Breath tests are frequently used tools for the diagnosis of malabsorption by measuring the presence of hydrogen (and methane) in the exhaled air after the ingestion of provocative doses of poorly absorbable carbohydrates such as lactose or fructose. Apart from the determination of malabsorption, a carbohydrate challenge allows for the concurrent recording of symptoms, i.e., the determination of intolerance. Carbohydrate malabsorption and intolerance are not equivalent, and intolerance does not necessarily represent the clinical consequence of malabsorption [3]. Intolerance after a carbohydrate challenge rather than malabsorption should be the main focus of clinical evaluation, as it is not malabsorption, but intolerance that correlates with clinical symptoms [4]. The treatment of carbohydrate-related symptoms by diet or enzyme replacement should not be primarily aimed at altering malabsorption, but rather at improving abdominal symptoms [5].

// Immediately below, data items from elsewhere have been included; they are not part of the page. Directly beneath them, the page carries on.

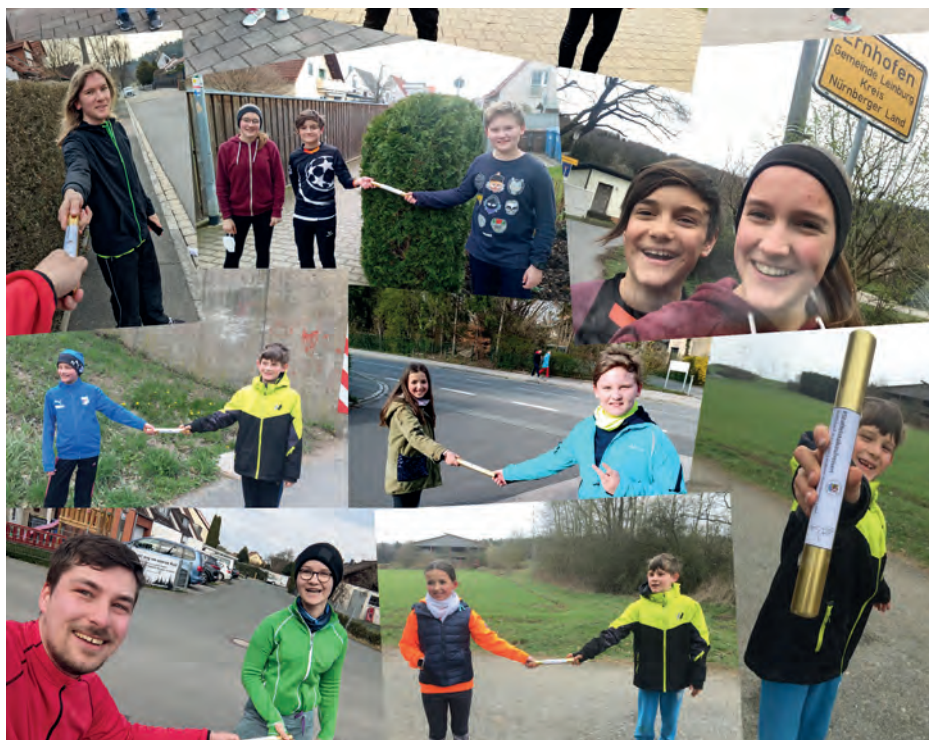
Staffelstab Übergaben der Leichtathleten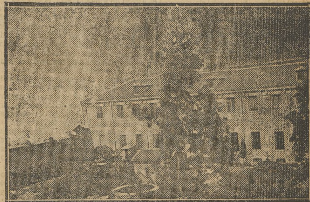
Vista interior del convento tomada desde el jardín.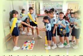
遊戲大使於小息帶領同學玩遊戲，同學樂在其中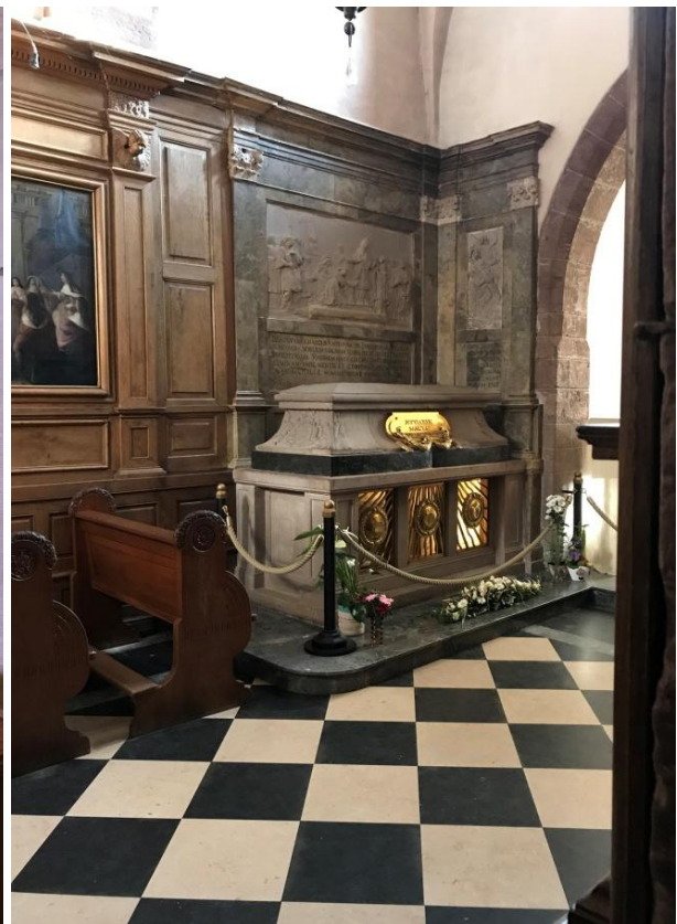
La tombe de Sainte-Odile, 8 ème siècle.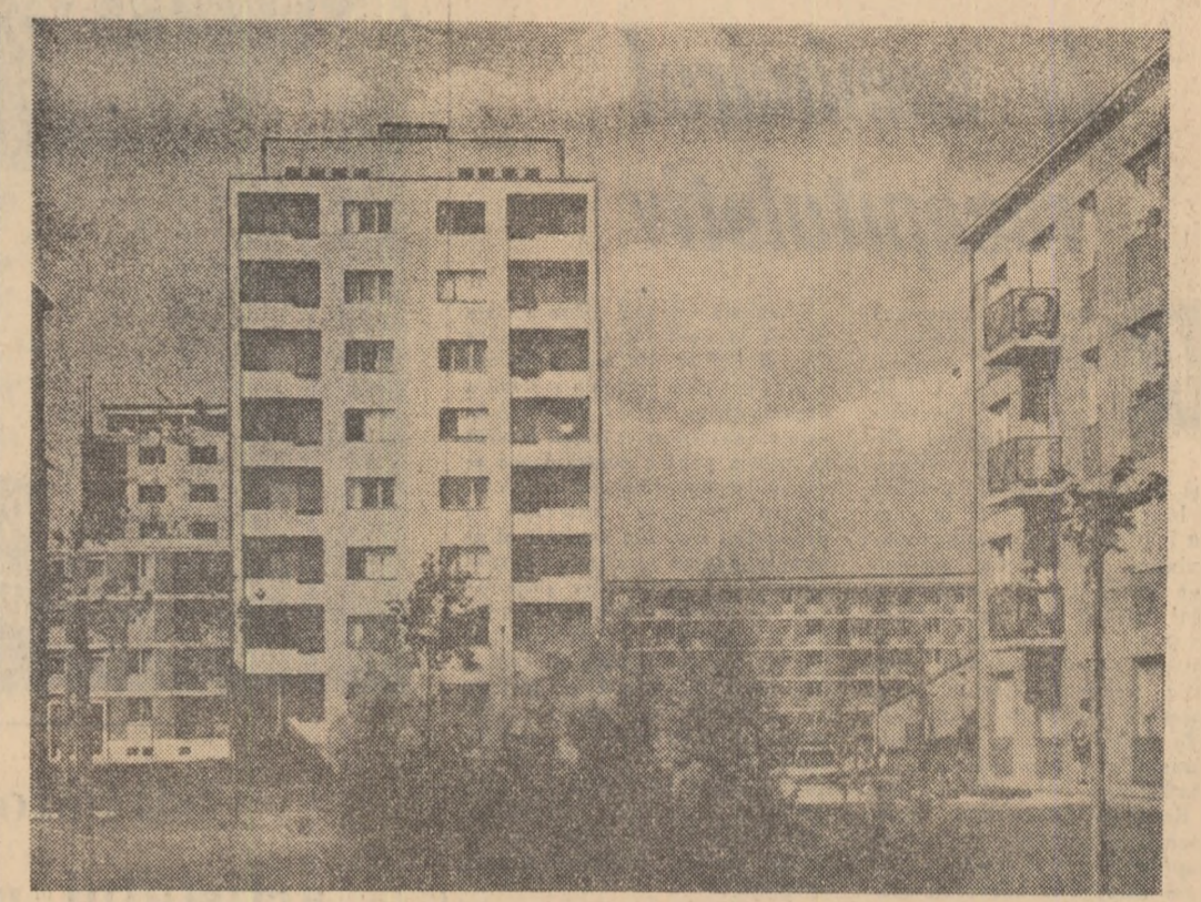
Aspect dintr-un nou cartier al Budapestei

În esență, noul regim militar nu face decât să continue și mai fățiș politica reacționară antipopulară dusă de fostul președinte al Guatemalei. De altfel, Ydigoras Fuentès, care a plecat cu un avion din Guatemala în Nicaragua în „exil”, a declarat ziaristilor la sosirea în Nicaragua că „schimbarea este bună pentru Guatemala și pentru America Centrală”. În țară s-a izbucnit un val de arestări. Armata a ocupat clădirea Congresului și sediile a două partide politice. Colonelul Enrique Peralta Azurdia are, de altfel, experiență în reprimarea adversarilor politici. După cum menționează agenția Associated Press, el este acela care, în calitate de ministru de război în perioada guvernării lui Fuentès, l-a ajutat pe acesta într-o serie de acțiuni antipopulare.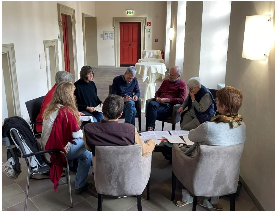
Intensiver Gedankenaustausch in Kleingruppen

Alle gesetzten Anregungen, Impulse und Diskussionen drehten sich fortan um dieses Phänomen. Wie lässt sich also „Selbstverständlichkeit“ erfassen? Sind es konkrete Vorannahmen, was man von Handlungen, Situationen und Gegebenheiten erwarten kann und erwarten darf? Haben diese Vorannahmen ggf. einen für ein soziales Miteinander förderlichen Geltungsanspruch? Welche Handlungen kann ich für mich oder für die Gemeinschaft ableiten? Was begründet meine Handlungen vor dem Hintergrund einer angenommenen Selbstverständlichkeit? Tiefschürfende und an eigenen Selbstverständlichkeiten kratzende, mitunter auch quälende Fragen, die in unterschiedlichen Gruppen-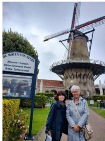
フリースの風車の前

今日はフリーデー。オランダのスロイスまでドライブしたり、近所の海岸を散歩したり、マーケットに足を運んだりアンバサダーとホストがそれぞれの1日を楽しみました。夜はお蕎麦やラーメン、お好み焼き、お味噌汁、ちらし寿司など思い思いの日本料理を感謝の心を込めて料理しました。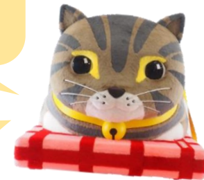
▲ にゃんこカート「にゃん吉」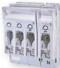
KVL-00 4p M8-M8

Применение - Горизонтальные разъединители KVL предназначены для ввода и распределения электроэнергии, защиты оборудования от перегрузки и токов короткого замыкания в цепях переменного и постоянного тока, с использованием ножевых предохранителей NH. Позволяют безопасно коммутировать электрические цепи под нагрузкой.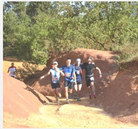
L'équipe de la Rustrelienne.

A l'année prochaine pour la 8 ème édition de la Rustrelienne le 13 mai 2018 !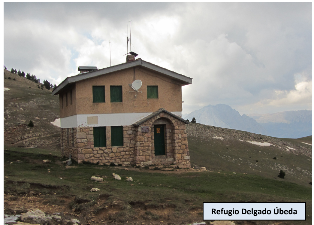
Refugio Delgado Úbeda

Refugio guardado, con parte libre con capacidad para unas 2 personas en ausencia del guarda. Abrevadero y fuente en las cercanías. Seguimos la marcada senda hacia el Oeste que asciende sin grandes esfuerzos a la cima de Cap Llitzet o Cap de la Gallina Pelada.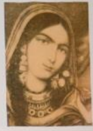
Padmini was a legendary 13th-14th century Indian queen.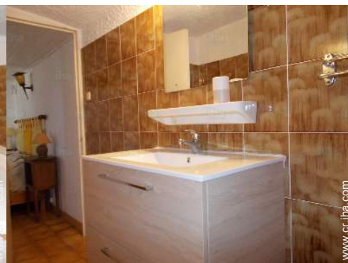
cuarto de baño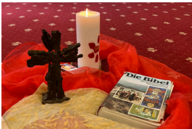
Jesus und das Wort Gottes als unsere Mitte

Frei nach dem Propheten Jeremia: "Denn ich, ich kenne meine Pläne, die ich für euch habe - Spruch des Herrn -, Pläne des Heils und nicht des Unheils; denn ich will euch eine Zukunft und eine Hoffnung geben" (Jer 29,10). Kommen wir gemeinsam dem Heilsplan Gottes für unsere Pfarrgemeinde auf die Spur!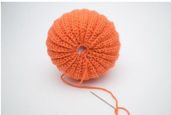
19. Klip garnet og sy hullet helt til.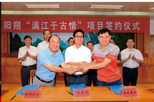
2015 年 9 月 15 日，宋城演艺签约桂林

报告期内，公司还开始尝试轻资产和收购的模式，先后控股九寨沟《藏谜》、收购福州旅游演艺资产、并以轻资产扩张模式完成了泰安项目。在项目拓展上，公司不断求新求变，由过去完全独立自主开发向资源整合与自主开发相结合的方向转变，拓宽了公司的艺术形式和种类，亦使公司线下流量入口加速发展。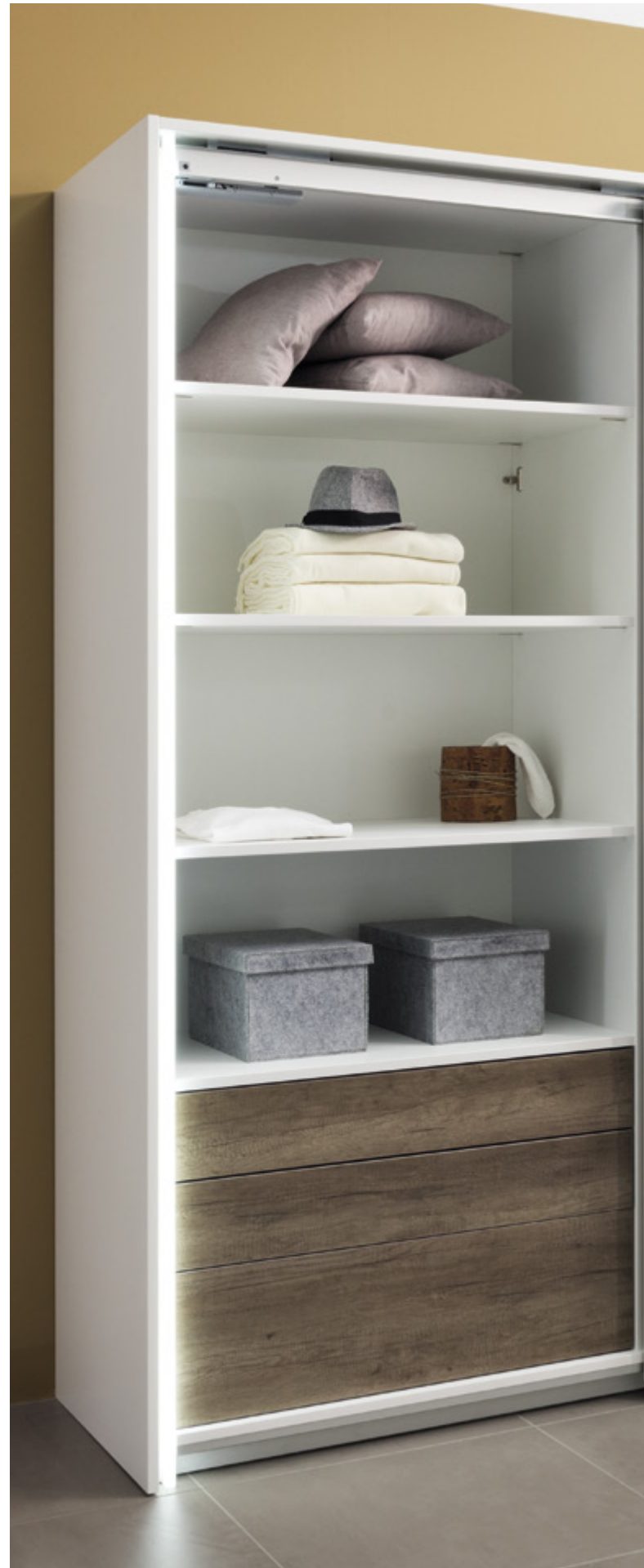
Quadro 4D Quadro

Having said this, it is obvious that a valid, unbiased recording of carbohydrate-induced symptoms is of eminent clinical importance [6]. Posovszky and Roesler et al have failed to standardize symptom assessment during breath tests as well as after elimination diet, allowing both patient- and doctor-related biases to influence the results. The evaluation of symptoms by inviting patients and their caregivers to report any undesignated symptom predisposes to reporting bias or cognitive bias, for example, non-standardized assessment of patients after a diet in different study centers is prone to academic bias, cognitive bias, etc. The particularly low rate of patients with lactose malabsorption (18%) in the study may furthermore be an indication of poor pretest evaluation for lactase malabsorption.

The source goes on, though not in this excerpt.